Health insurance is a type of insurance whereby the insurer pays the medical costs of the insured if the insured becomes sick due to covered causes, or due to accidents. The insurer may be a private organization or a government agency. Market-based health care systems such as that in the United States rely primarily on private health insurance.
Private health insurance
Health insurance is one of the most controversial forms of insurance because of the perceived conflict between the need for the insurance company to remain solvent versus the need of its customers to remain healthy, which many view as a basic human right. Critics of private health insurance claim that this conflict of interest is why state and federal regulation of health insurance companies is necessary. Some say that this conflict exists in a liberal healthcare system because of the unpredictability of how patients respond to medical treatment. But proponents of regulation argue that too many health insurance companies put their desire for profits above the welfare of the consumer or patient.

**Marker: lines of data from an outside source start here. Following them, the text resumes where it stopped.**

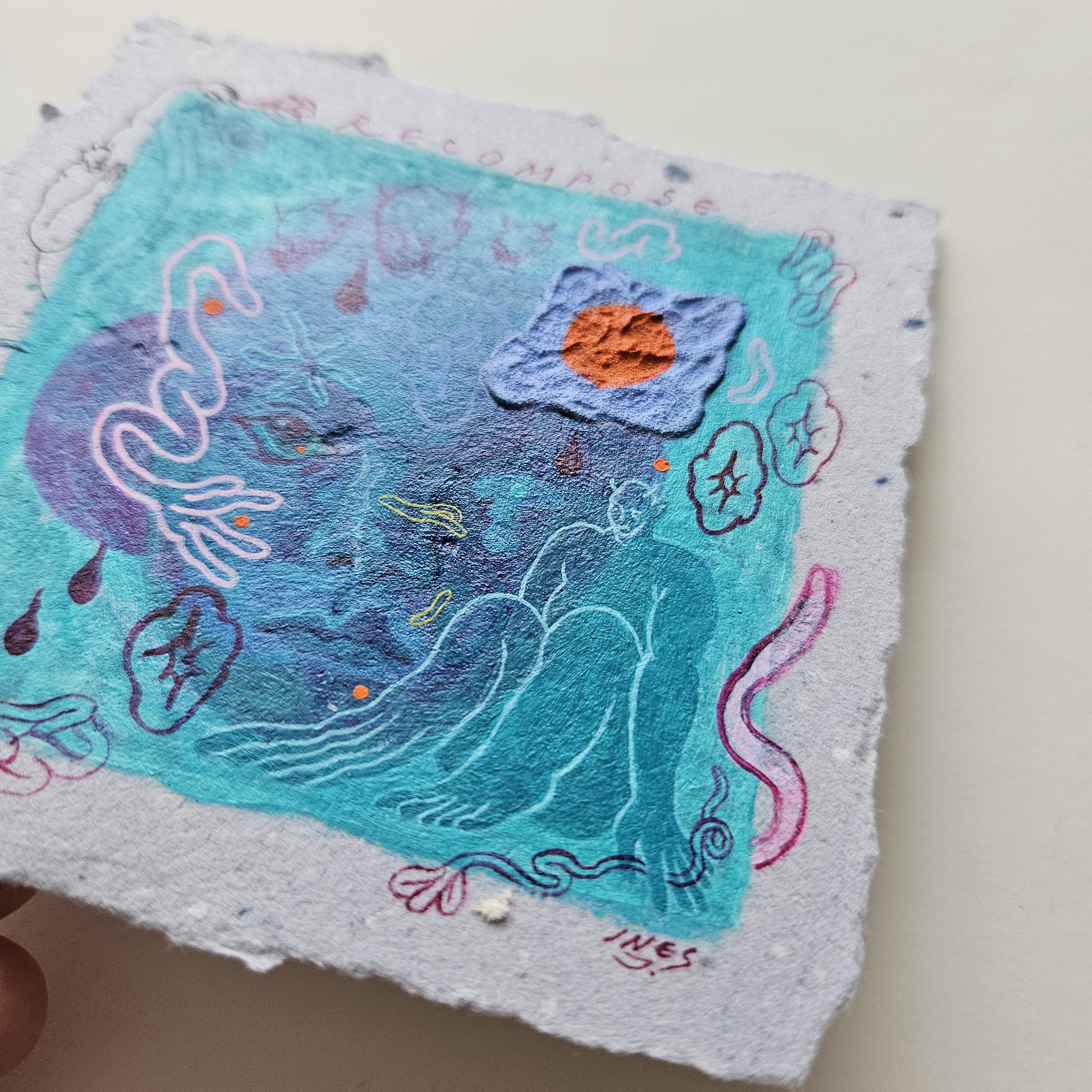 Original artwork done with acrylic & pen on handmade paper.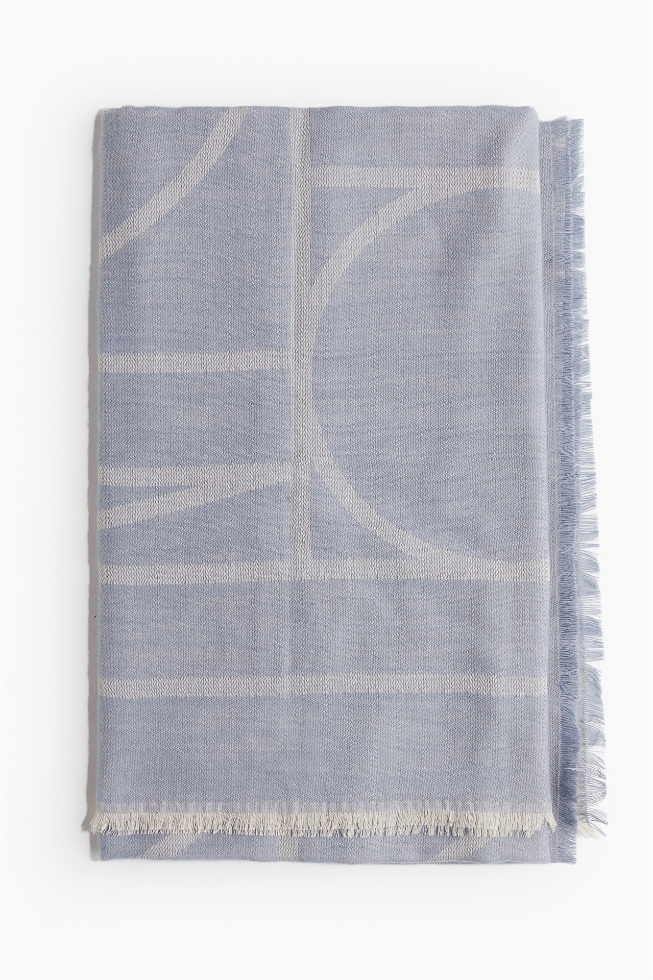 Шарф из мягкого жаккардового переплетения с легкой матовой поверхностью и обтрепанными краями.
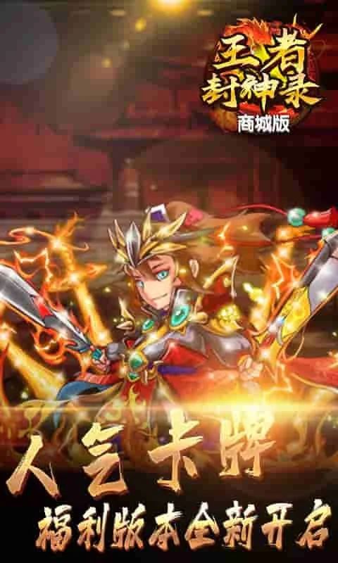 《王者封神录》是一款三国题材的卡牌RPG手游。经典的卡牌策略对战玩法,强调策略和阵容搭配;游戏内含竞技挑战,三藩战等丰富玩法,体验最最好玩的三国卡牌游戏;红色宝物,武将培养各种黑科技也将让你领略三国之魅力。上线即送百连抽,快来召集属于你的三国武将阵容,重写历史的热血体验吧!
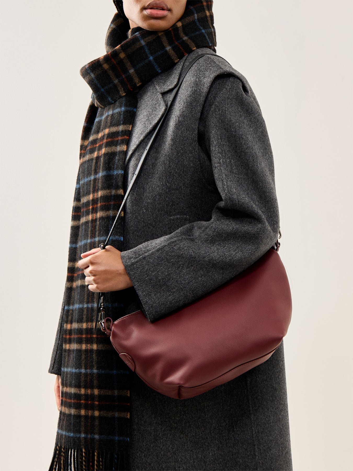The Le Slouchy Small Leather Crossbody Bag by Longchamp brings rich colour to an iconic, softly structured silhouette. Crafted from smooth calfskin leather, the interior accommodates an iPhone 15 Pro Max, card holder, keys and small essentials. Designed for hands-free wear with an adjustable strap. A polished piece that blends heritage design with modern ease.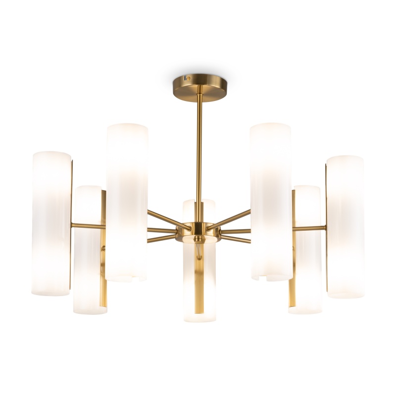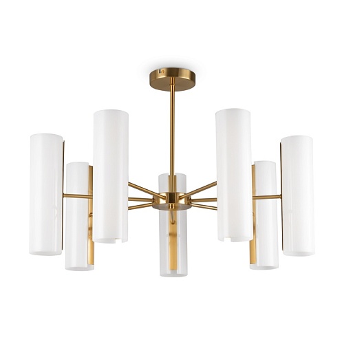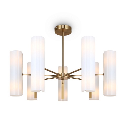 Арматура — металлическая, цвет — латунь. Стеклянные белые плафоны-цилиндры мягко рассеивают свет в стороны. Открытые края плафонов и глянцевая поверхность дают дополнительный свет в вверх и вниз для максимальной освещенности. Источник света — лампа с цоколем Е14.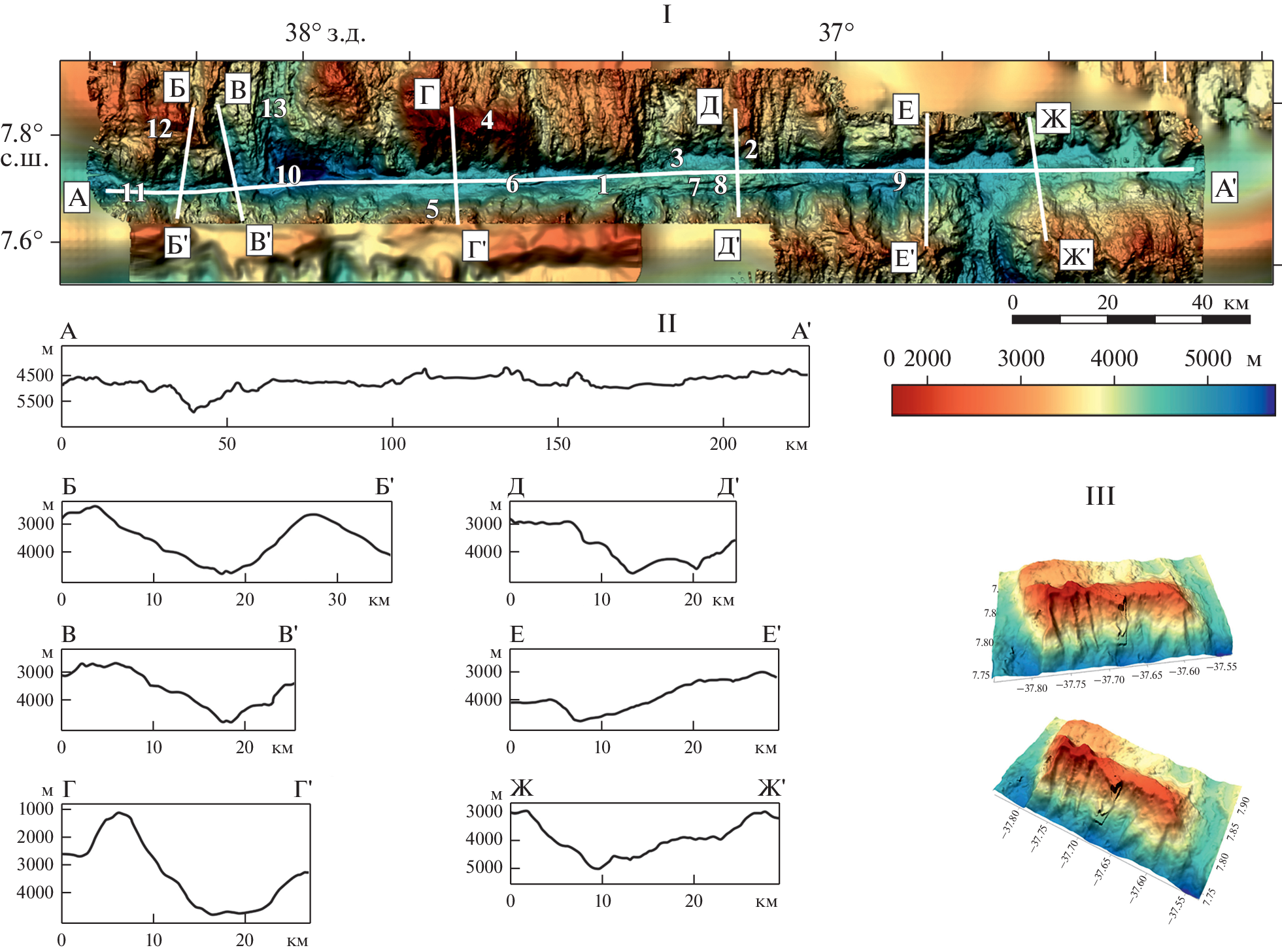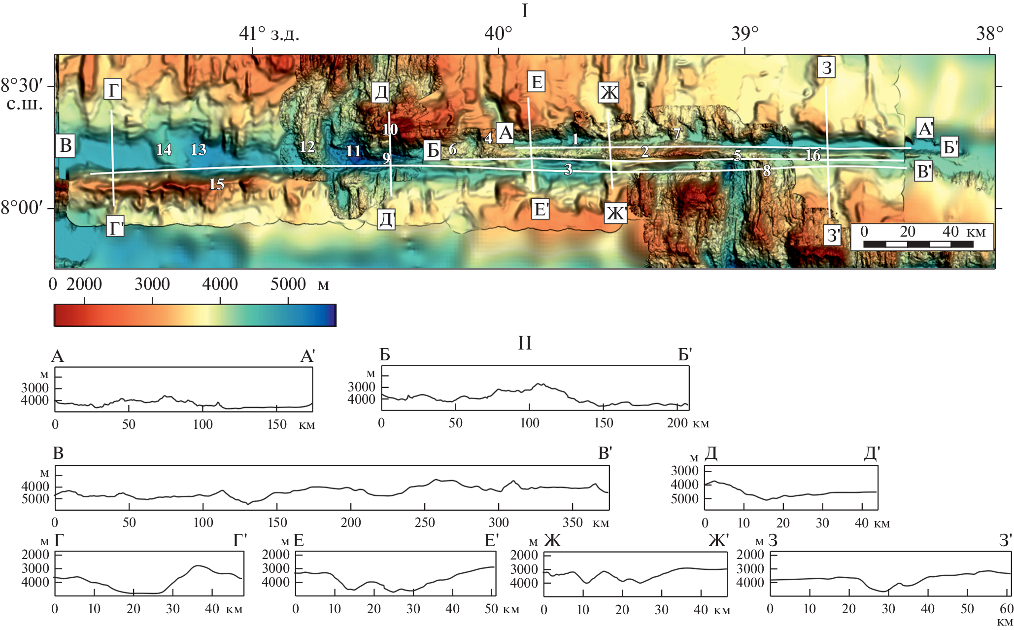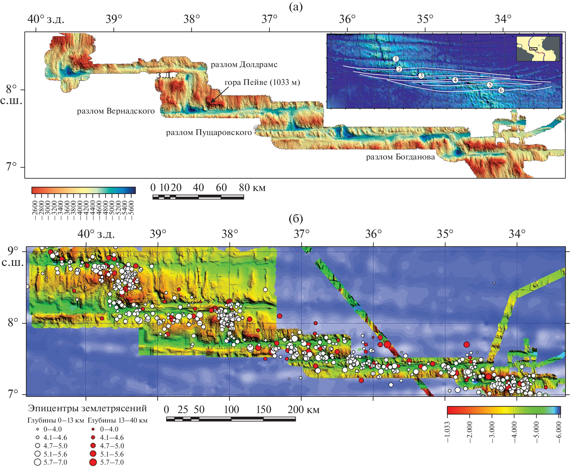 В статье приведены результаты анализа структуры и морфологии разломных зон, образующих мегатрансформную систему Долдрамс (МСД), расположенную в северной части Приэкваториальной Атлантики (6.5°‒9° с.ш.) и включающую трансформные разломы Вернадского, Богданова, Пущаровского и мегатрансформ Долдрамс. В работе использовалась батиметрическая карта, построенная по данным многолучевого эхолотирования дна в ходе 45-го рейса НИС “Академик Николай Страхов”. Установлено, что крупномасштабные вариации ширины разломных долин определяются распределением напряжений, поперечных к разлому. Для участков, где преобладает транспрессия, характерны более узкие разломные долины, в местах преобладания транстенции долины расширяются. Различие геодинамических обстановок в пределах мегатрансформной системы Долдрамс обусловлено различием направления спрединга, которое при движении с юга на север изменяется от \(\perp \)89° до \(\perp \)93°. Глубина разломных долин последовательно увеличивается от периферии мегатрансформной системы Долдрамс (разломы Богданова и Долдрамс) к центру (разлом Пущаровского) в соответствии с уменьшением температуры верхней мантии. В каждом разломе глубина долины уменьшается от зон интерсекта рифт‒разлом в сторону центра активной части до фоновой глубины. Предполагается, что наблюдаемый подъем днища долины возникает из-за разуплотнения верхней мантии, вызванного серпентинизацией ультраосновных пород. Нарушение выявленных закономерностей вариаций ширины и глубины разломных долин происходит в результате образования в разломной зоне хребтов и поднятий различной природы. В осевых зонах активных частей разломных долин широко распространены медианные хребты, простирающиеся параллельно разлому и представляющие собой серпентинитовые диапиры, выжатые выше поверхности дна. На южных бортах долин разломов Долдрамс и Пущаровского около 10‒11 млн лет назад в результате флексурного изгиба краевой части литосферной плиты в условиях транстенсии образовались трансверсивные хребты, находящиеся в настоящее время в западных пассивных частях. Трансверсивный хребет на северном борту разлома Вернадского, в состав которого входит гора Пейве, сформировался между 3.65‒2.4 млн лет. Частые перескоки оси спрединга в этом районе привели к разделению трансверсивного хребта на три блока. В мегатрансформах, которые в активной части состоят из двух разломных долин, формируются межразломные хребты. Время их образования: в мегатрансформе Пущаровского 30‒32 млн лет назад, а в мегатрансформе Долдрамс ‒ ~4 млн лет назад. В силу криволинейности очертаний под давлением движущихся литосферных плит межразломные хребты испытывают продольные (вдоль разлома) напряжения сжатия и растяжения, компенсируемые вертикальными подъемами их отдельных блоков и образованием депрессий, пулл‒аппарт впадин и спрединговых центров (последние развиты только в мегатрансформе Пущаровского). Структурообразующие процессы, определяющие строение и морфологию разломных зон в составе мегатрансформной системы Долдрамс, связаны своим происхождением со спрединговой и трансформной геодинамическими системами.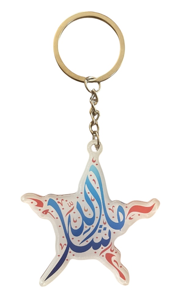 Porte clé avec inscription calligraphique artistique "MachaAllah" - ما شاء الله. Sous forme d'une étoile... Peut également servir de pendentif pour la voiture...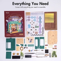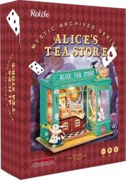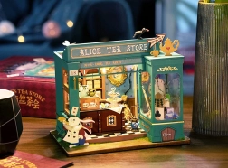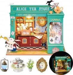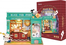 Odkryj miniaturowy świat pełen fantazji – utrzymany w zieleni sklep z herbatą z motywami białego królika, kieszonkowego zegarka i szachownicowej podłogi tworzy atmosferę europejskiego popołudniowego podwieczorku. Po włączeniu oświetlenia LED model zamienia się w czarującą dekorację z przyjemnym wieczornym nastrojem.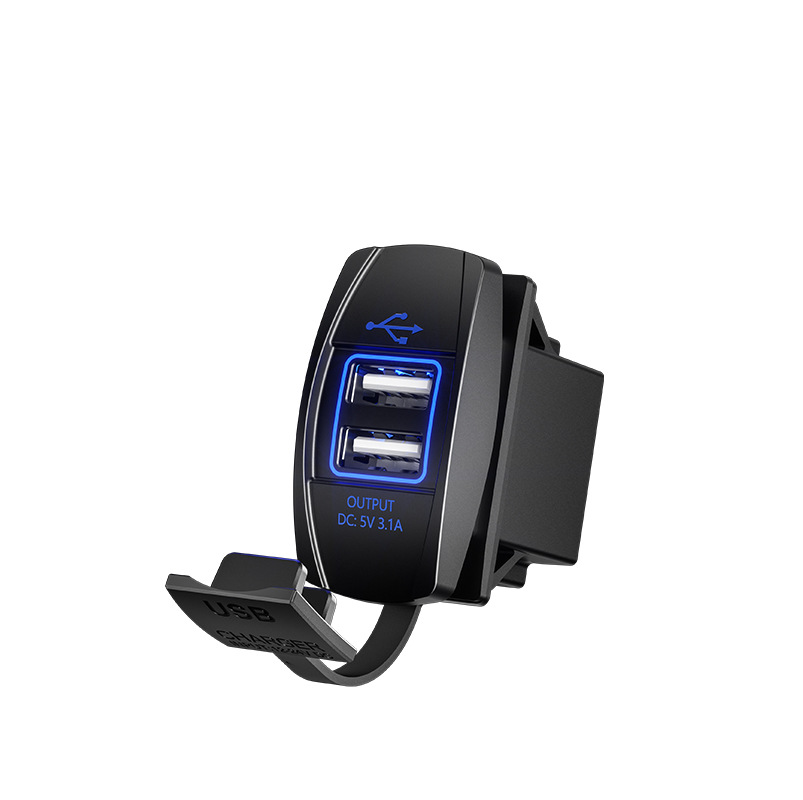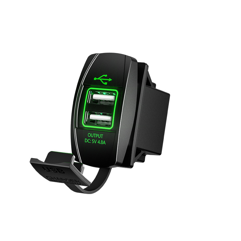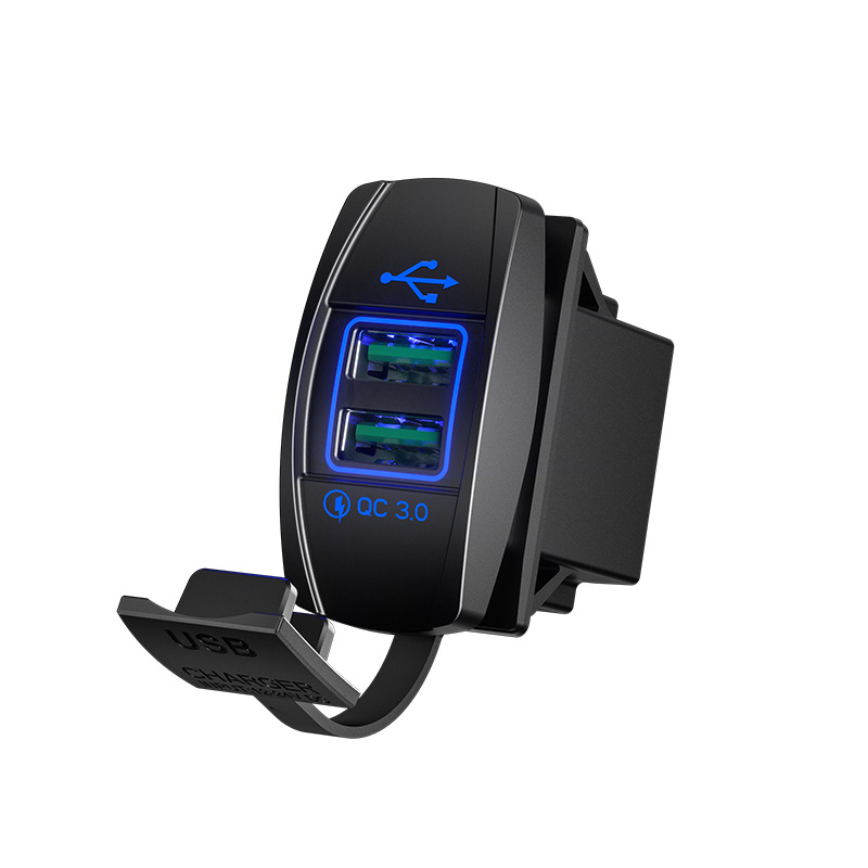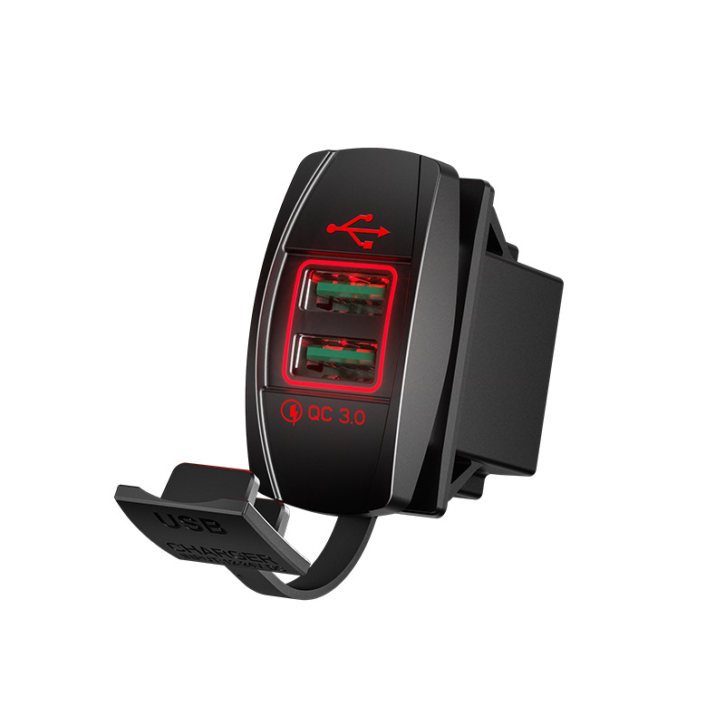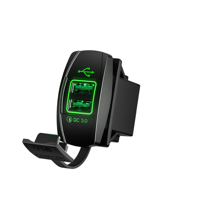 Kaiweige 선박형 USB 충전기 고속 충전 차량용 충전기 사각형 USB 수정 빨간색 파란색 녹색 LED 조명 고속 충전 QC3.0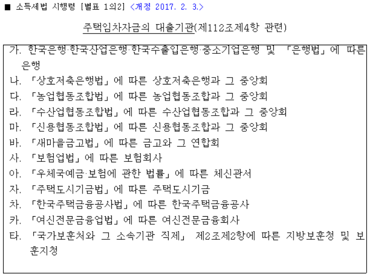 ▶ 소득세법 시행령 [별표 1의 2]에 의한 대출기관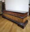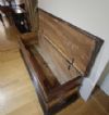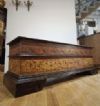 Elegante cassapanca in legno di noce massello, intagliata e dipinta. La cassapanca presenta una forma rettangolare, con piedi a mensola, un piano aggettante e una fascia modanata. Il piano è apribile, rivelando al suo interno un ampio spazio per riporre oggetti. La sua particolarità risiede nei decori pittorici, che ne esaltano l’eleganza, con motivi di intrecci vegetali su sfondo rosso e giallo, dal gusto e richiamo ancora rinascimentale. Si tratta di un mobile, probabilmente utilizzato come guardaroba o cassa nuziale, capace di arredare con raffinatezza e un tocco di antichità qualsiasi ambiente. Manifattura emiliana (Emilia-Romagna, Italia), del periodo Luigi XIV, intorno ai primi del XVII secolo.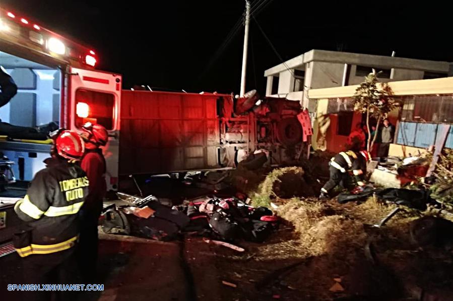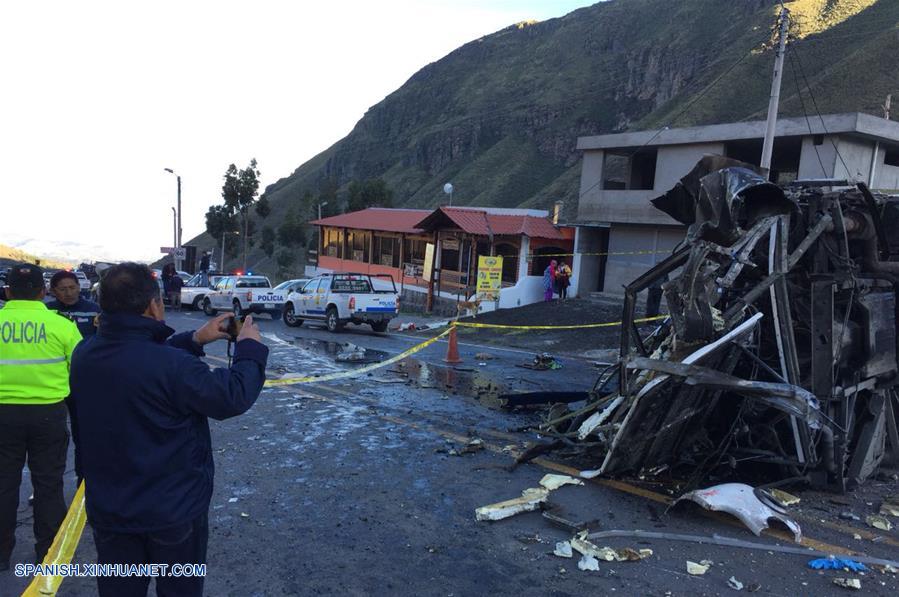 QUITO, 14 ago (Xinhua) -- Ascendió a 24 la cifra de muertos y a 19 la de heridos por el accidente de tránsito ocurrido hoy martes en la vía Pifo-Papallacta, al oriente de la provincia ecuatoriana de Pichincha, cuya capital es Quito, informó el Cuerpo de Bomberos de Quito (CBQ).

Below is a hypothetical example of a situation that might confront an insurance company.
Suppose that a large number of customers of a particular insurance company contracted a rare disease and the hospital charged 10 million dollars a patient to treat them. The insurance company would then be faced with a choice of paying all claims without complaint (thus losing money and possibly going out of business) or denying the claims (thus outraging patients and their families, discouraging potential customers and becoming a target for lawsuits and legislation).
Since a health insurance policy is a legal, binding contract between the insurance company and the customer, the insurance company should pay all valid claims without question. Many insurance companies purchase re-insurance to protect themselves from a catastrophic loss due to an unforeseen event. But just like any other business, a health insurance company does not have a right to shirk its legal obligations just to make a profit or stay in existence.
Health insurance companies and consumer advocates agree that private health insurance faces unique problems. Health insurance companies use the term "adverse selection" to describe the tendency for sick people to be more likely to sign up for health insurance. Their view is that in essence, those seeking health insurance are likely to be those with existing medical problems or those who are likely to have future medical problems, and that those who take out insurance may engage in risky behaviour, such as smoking and excessive alcohol consumption, which an otherwise sane person would not do. Insurance companies say that the cost of providing health insurance to these bad risks raises the cost of insurance to the 'good' insurance risks, possibly pricing them out of the market, and could create a situation in a market where insurance was uneconomical for private insurance companies to provide.
Insurance companies explain the economics of insurance by saying that, in general, if many sick people buy health insurance from a private health insurance company, but few healthy people buy it, the price of the insurance rises. (Critics of private health insurance point out that few sick people are allowed to buy health insurance). Insurance companies also say that if more healthy people buy health insurance, but few sick people buy it, the price drops. In other words, the price drops if more money goes in and less is paid out.
According to the latestUnited States Census Bureau figures, approximately 85% of Americans have health insurance. Approximately 60% obtain health insurance through their place of employment or as individuals, and various government agencies provide health insurance to the other 25%.
Because of advances in medicine and medical technology, medical treatment is more expensive, and people in developed countries are living longer. The population of those countries is aging, and a larger group of senior citizens requires more medical care than a young healthier population. (A similar rise in costs is evident in Social Security in the United States). These factors cause an increase in the price of health insurance.
Some other factors that cause an increase in health insurance prices are health related: insufficient exercise; unhealthy food choices; a shortage of doctors in impoverished or rural areas; excessive alcohol use, smoking, street drugs, obesity among some parts of the population; and the modern sedentary lifestyle of the middle classes.
In theory, people could lower health insurance prices by doing the opposite of the above; that is, by exercising, eating healthy food, avoiding addictive substances, etc. Healthier lifestyles protect the body from disease, and with fewer diseases, the insurance companies would pay fewer doctor bills.
Publicly funded medicine
Many countries have made the choice to avoid this important conflict by nationalizing the health industry so that doctors, nurses, and other medical workers become state employees, all funded by taxes; or setting up a national health insurance plan that all citizens pay into with tax or quasi-tax payments, and which pays private doctors for health care. These national health care systems also have their problems.
The British National Health Service has maintained a compromise with doctors in general practice by not making them state employees. Each practice decides its own working pattern and contracts to the NHS providing designated services (including the benefit of membership of state pension schemes comensurate with the work for the NHS) with many also providing private services. Some medical staff employed on an NHS contract also have work in the private sector and others work exclusively in either sector.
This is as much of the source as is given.